= Open reading frame =

DNA section marked with start and stop codon of different length

Sample sequence showing three different possible reading frames. Start codons are highlighted in purple, and stop codons are highlighted in red.

In molecular biology and genetics, reading frames are defined as spans of DNA sequence between the start and stop codons. Usually, this is considered within a studied region of a prokaryotic DNA sequence, where only one of the six possible reading frames will be "open" (the "reading", however, refers to the RNA produced by transcription of the DNA and its subsequent interaction with the ribosome in translation). Such an open reading frame (ORF) may contain a start codon (usually AUG in terms of RNA) and by definition cannot extend beyond a stop codon (usually UAA, UAG or UGA in RNA). That start codon (not necessarily the first) indicates where translation may start. The transcription termination site is located after the ORF, beyond the translation stop codon. If transcription were to cease before the stop codon, an incomplete protein would be made during translation.

In eukaryotic genes with multiple exons, introns are removed and exons are then joined together after transcription to yield the final messenger RNA (mRNA) for protein translation. In the context of gene finding, the start-stop definition of an ORF therefore only applies to spliced mRNAs, not genomic DNA, since introns may contain stop codons and/or cause shifts between reading frames. An alternative definition says that an ORF is a sequence that has a length divisible by three and is bounded by stop codons. This more general definition can be useful in the context of transcriptomics and metagenomics, where a start or stop codon may not be present in the obtained sequences. Such an ORF corresponds to parts of a gene rather than the complete gene.

==Significance==
One common use of open reading frames (ORFs) is as one piece of evidence to assist in gene prediction. Long ORFs are often used, along with other evidence, to initially identify candidate protein-coding regions or functional RNA-coding regions in a DNA sequence. The presence of an ORF does not necessarily mean that the region is always translated. For example, in a randomly generated DNA sequence with an equal percentage of each nucleotide, a stop-codon would be expected once every 21 codons. A simple gene prediction algorithm for prokaryotes might look for a start codon followed by an open reading frame that is long enough to encode a typical protein, where the codon usage of that region matches the frequency characteristic for the given organism's coding regions. Therefore, some authors say that an ORF should have a minimal length, e.g. 100 codons or 150 codons. By itself even a long open reading frame is not conclusive evidence for the presence of a gene.
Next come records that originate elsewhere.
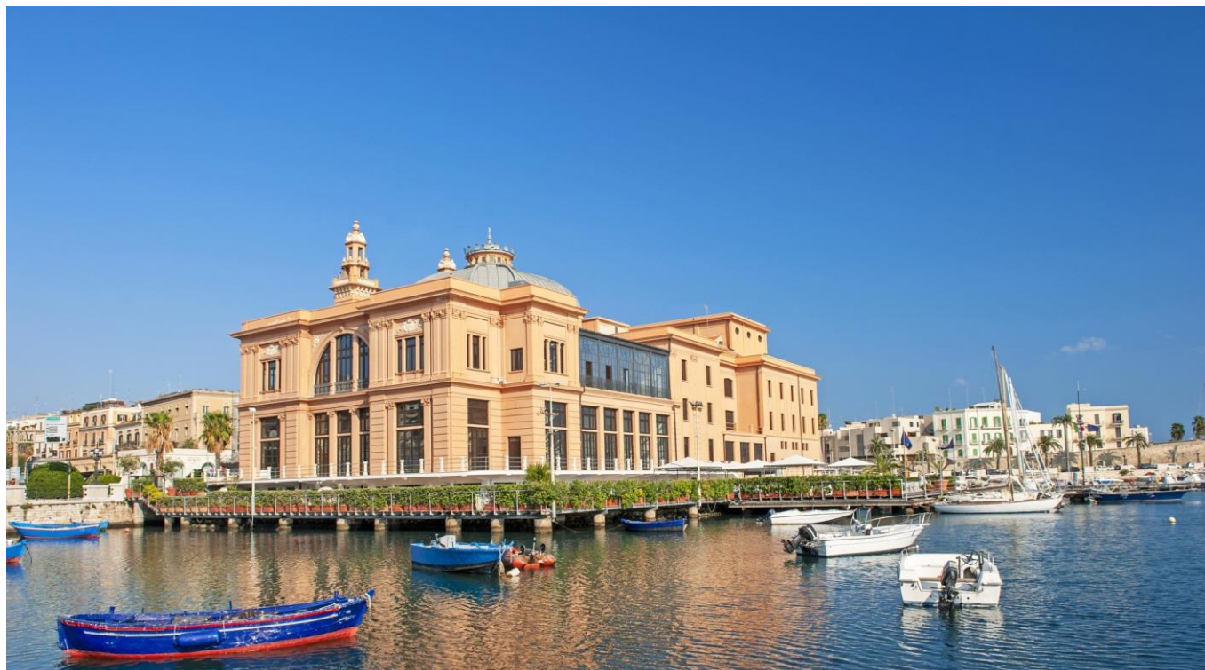
Bari, Teatro Margherita

Orario da definire - Passeggiata (o visita guidata) nel Centro storico di Bari o Palazzo dell’Acquedotto Pugliese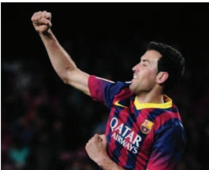
Volante Sergio Busquets está na mira do PSG para esta temporada

O valor da multa é considerado elevado pelo clube francês, que estaria fortalecendo um rival direto na briga pelo título da Liga dos Campeões. Além disso, será preciso convencer o técnico Luis Enrique a liberar o atleta, já que o espanhol o classificou como "o melhor meio-campista do mundo" nesta temporada.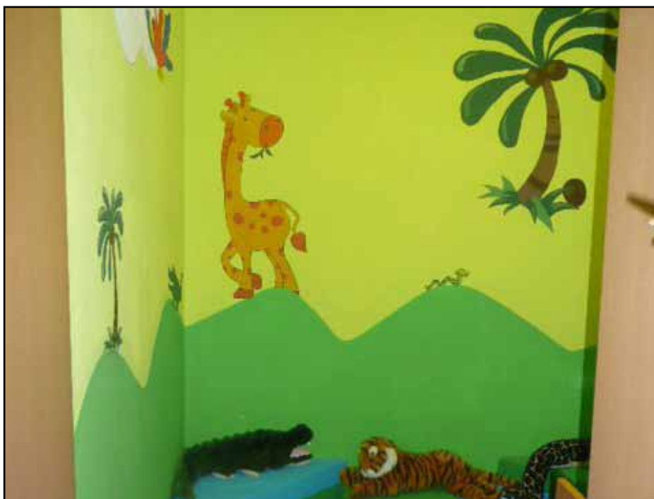
Künstlerische Gestaltung von den Eltern für die Kindergartenkinder

Den Kindergartenkindern gefällt die neu gestaltete Lesecke so gut, dass sie gar nicht mehr heraus wollen. Somit eine rundum gelungene Initiative.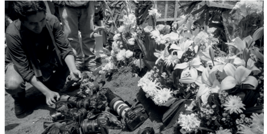
Ⓜ Familiares, amigos, compañeros y colegas asistieron al entierro del fotoperiodista Rubén Espinosa, quien colaboraba para la agencia Cuartoscuro, la revista Proceso y AvC .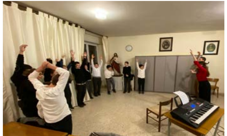
Correva l'anno scolastico 2019/2020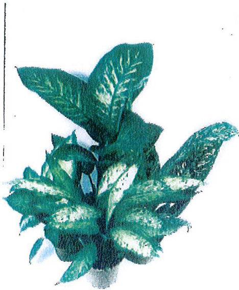
Prickblad - ( Dieffenbachia seguine ssp.)

Ring 112 vid inträffade förgiftningstillbud och begär giftinformation - dygnet runt Ring 08 - 33 12 31 vid övriga frågor om akuta förgiftningar - dagtid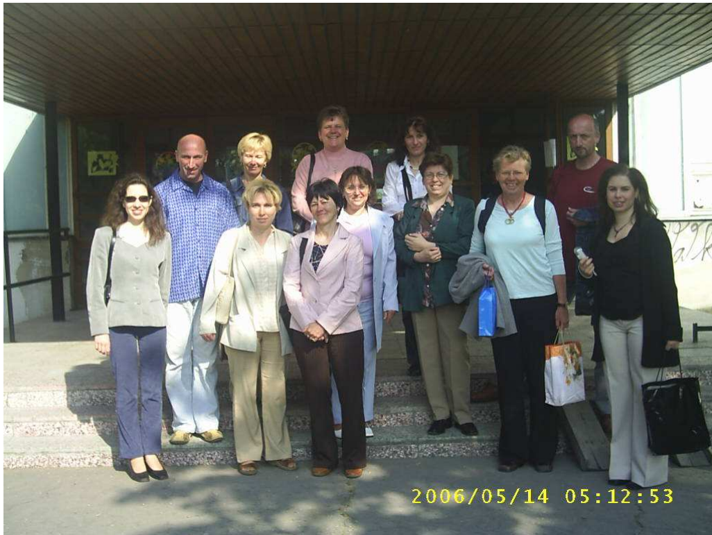
Résztevők a dunaszerdahelyi Szabó Gyula Alapiskola bejárata előtt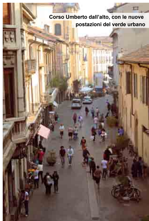
Corso Umberto dall'alto, con le nuove postazioni del verde urbano

Ad oggi il Comune sta solo muovendo alcuni passi per conoscere e decidere, tenendo fermo il passaggio delle corriere in Centro.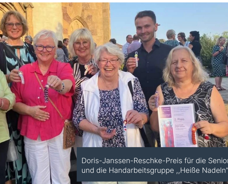
Doris-Janssen-Reschke-Preis für die Seniorinnen und Mitarbeitenden im Paul-Gerhardt-Heim und die Handarbeitsgruppe „Heiße Nadeln“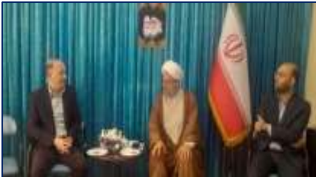
دیدار سرپرست شبکه بهداشت و درمان شهرستان دامغان با امام جمعه شهرستان ۱۴۰۴/۰۴/۰۷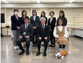
2025年度登録要約筆記者 (伝達式にて。欠席者数名あり)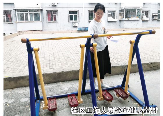
社区工作人员检查健身器材

社区工作人员告诉记者,小区里的健身器材常年处于露天环境,加之使用率高,部分器材出现螺丝松动或零件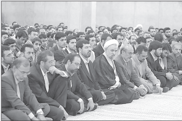
آخوند دمغ: کاش پول نفت رو می‌دادن چند تا صندلی برای ما می‌خریدن!

کمتر از سابق پول به دستشان خواهد رسید. دلم خیلی خنک شده است! * یک سؤال: آیا جشن‌های دو «هزار» و پانصد ساله بیشتر به پیشرفت ایران لطمه زد یا دلار «هزار» تومانی؟

===Short open reading frames===
Some short open reading frames (sORFs), also known as small open reading frames (smORFs), usually < 100 codons in length, that lack the classical hallmarks of protein-coding genes (both from ncRNAs and mRNAs) can produce functional peptides. They encode microproteins or sORF‐encoded proteins (SEPs). The 5'-UTR of about 50% of mammal mRNAs contain one or several sORFs, also called upstream ORFs (uORFs). However, less than 10% of the vertebrate mRNAs surveyed in a 1994 study contained AUG codons in front of the major ORF. uORFs were found in two thirds of proto-oncogenes and related proteins. 64–75% of experimentally found translation initiation sites of sORFs are conserved in the genomes of human and mouse and may indicate that these elements have function. However, sORFs can often be found only in the minor forms of mRNAs and avoid selection; the high conservation of initiation sites may be connected with their location inside promoters of the relevant genes. This is characteristic of SLAMF1 gene, for example.

==Six-frame translation==
Since DNA is interpreted in groups of three nucleotides (codons), a DNA strand has three distinct reading frames. The double helix of a DNA molecule has two anti-parallel strands; with the two strands having three reading frames each, there are six possible frame translations.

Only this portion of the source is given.